“Ho voluto essere qui anche per esprimere la mia indignazione per quanto accaduto per la Calcestruzzi. Mi sembra strano che undici famiglie debbano affrontare una morte bianca per delle cifre che nel grande pentolone dei soldi sono irrisorie. Sono qui per dire a loro che non siete soli. E questa solidarietà la voglio dimostrare con un gesto che non ha niente di straordinario, ma mi sento in famiglia, uno di voi e con voi. Se tutto è soltanto per una cifra di 30 mila euro io darò al sindaco questa cifra”. Lo ha detto il cardinale Francesco Montenegro durante la fiaccolata che si è tenuta a Montevago sabato scorso in occasione del quarantanovesimo anniversario del terremoto nella Valle del Belice.
Con questo impegno il monsignore intende risolvere una vicenda singolare e garantire il posto di lavoro agli 11 dipendenti dell’impresa. La Calcestruzzi Belice Srl, infatti, è una società confiscata alla mafia dallo Stato che rischia di fallire per un debito nei confronti di una società pubblica, l’Eni. Un debito davvero di poco conto se rapportato al fatturato dell’azienda, che supera il milione di euro all’anno.
Il sindaco di Montevago, l’on. Margherita La Rocca Ruvolo, ha parlato di “una silenziosa protesta per quello che stanno vivendo gli 11 dipendenti della Calcestruzzi Belice. È giusto che si sappia cosa è accaduto per una distrazione di pezzi dello Stato”. La stessa Ruvolo aveva sottolineato, all’indomani della dichiarazione di fallimento dello scorso 29 dicembre, come la situazione dell’impresa fosse paradossale visto che si tratta di una società sana con un problema di liquidità facilmente superabile.
Per anni sotto il controllo di Cosa nostra la Calcestruzzi Belice, dell’imprenditore di Partanna Rosario Cascio, ha lavorato senza sosta, dando lavoro a decine di persone. Ha continuato a lavorare anche dopo essere passata sotto la gestione degli amministratori giudiziari ed ancora oggi le commesse non mancano. Ma adesso rischia di fallire e di mandare sul lastrico 11 lavoratori. Una sconfitta per le istituzioni dal pericoloso significato simbolico.
“Sono qui anch’io – ha detto il cardinale – per dare la mia solidarietà, pensando a quanto avvenuto 49 anni fa io che vengo da Messina, terra dove i terremoti sono frequenti”.
In un territorio in cui ancora si parla di ricostruzione è necessario che la speranza dei cittadini non venga ulteriormente tramortita, nonostante la difficile crisi economica.
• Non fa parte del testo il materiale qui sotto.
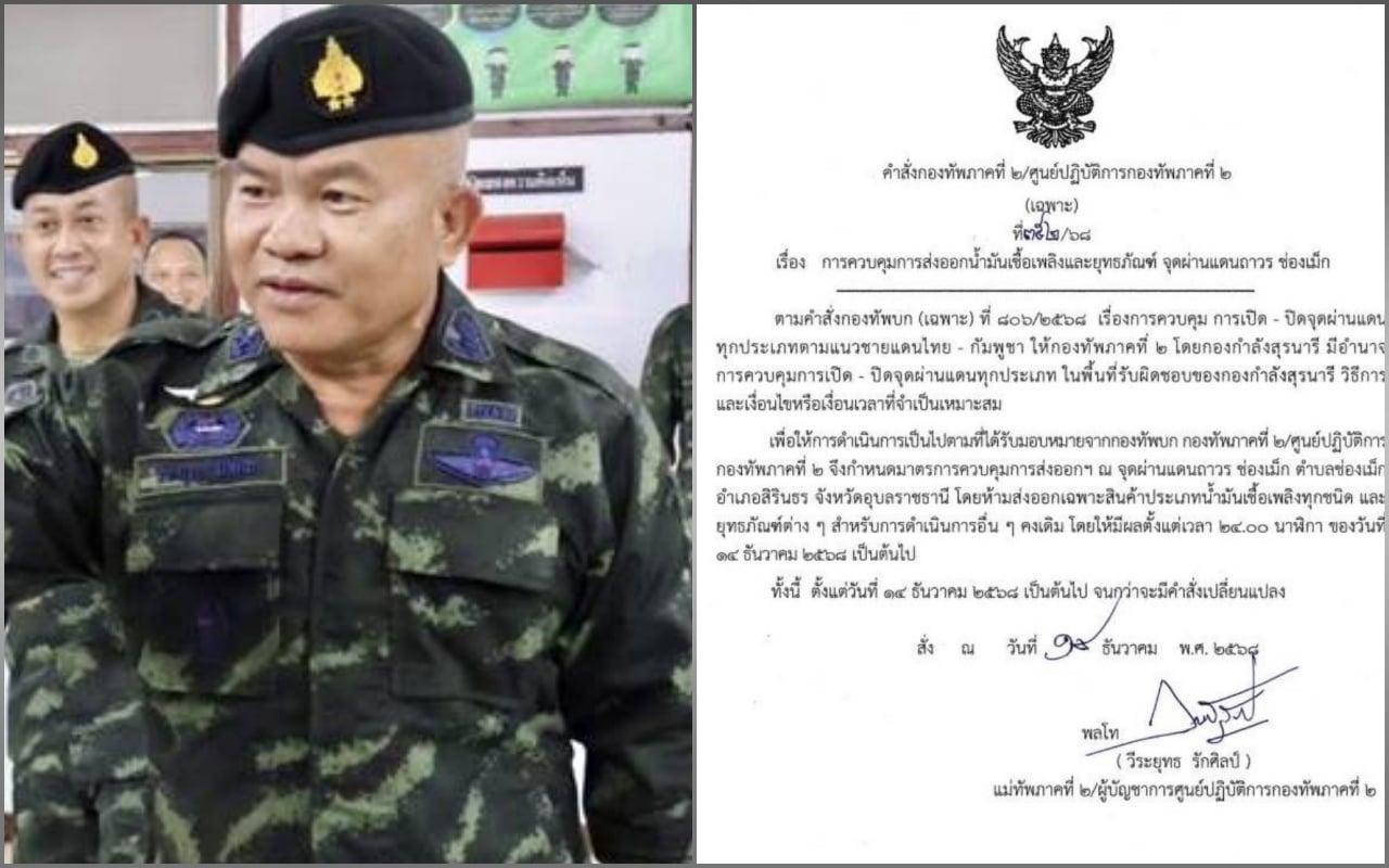 15 ธ.ค.2568-พลโทวีระยุทธ รักศิลป์ แม่ทัพภาคที่ 2 และผู้บัญชาการศูนย์ปฏิบัติการกองทัพภาคที่ 2 ลงนามในคำสั่งกองทัพภาคที่ 2 เรื่อง การควบคุมการส่งออกน้ำมันเชื้อเพลิงและยุทธภัณฑ์ จุดผ่านแดนถาวร ช่องเม็ก เนื้อหาระบุว่า ตามคำสั่งกองทัพบก (เฉพาะ) ที่ 806/2568 เรื่องการควบคุม การเปิด – ปิดจุดผ่านแดน ทุกประเภทตามแนวชายแดนไทย – กัมพูชา ให้กองทัพภาคที่ 2 โดยกองกำลังสุรนารี มีอำนาจการควบคุมการเปิด – ปิดจุดผ่านแดนทุกประเภท ในพื้นที่รับผิดชอบของกองกำลังสุรนารี วิธีการและเงื่อนไขหรือเงื่อนเวลาที่จำเป็นเหมาะสม

“Io sono in difficoltà – ha continuato Montenegro – perché c’è la cattedrale da costruire e tante storie però ritengo che quando in una famiglia c’è una situazione simile se si possono salvare 11 posti di lavoro l’indignazione si accompagna alla solidarietà. Questo mio gesto è accompagnato anche dal gesto di don Ciotti – ha aggiunto Montenegro – che ha pensato di dare la cifra per colmare il buco che c’è e siamo rimasti che sia io che lui daremo la cifra per poter, se possibile, riprendere il cammino e togliere questo tam tam che occupa il cuore di queste famiglie e di questi lavoratori”.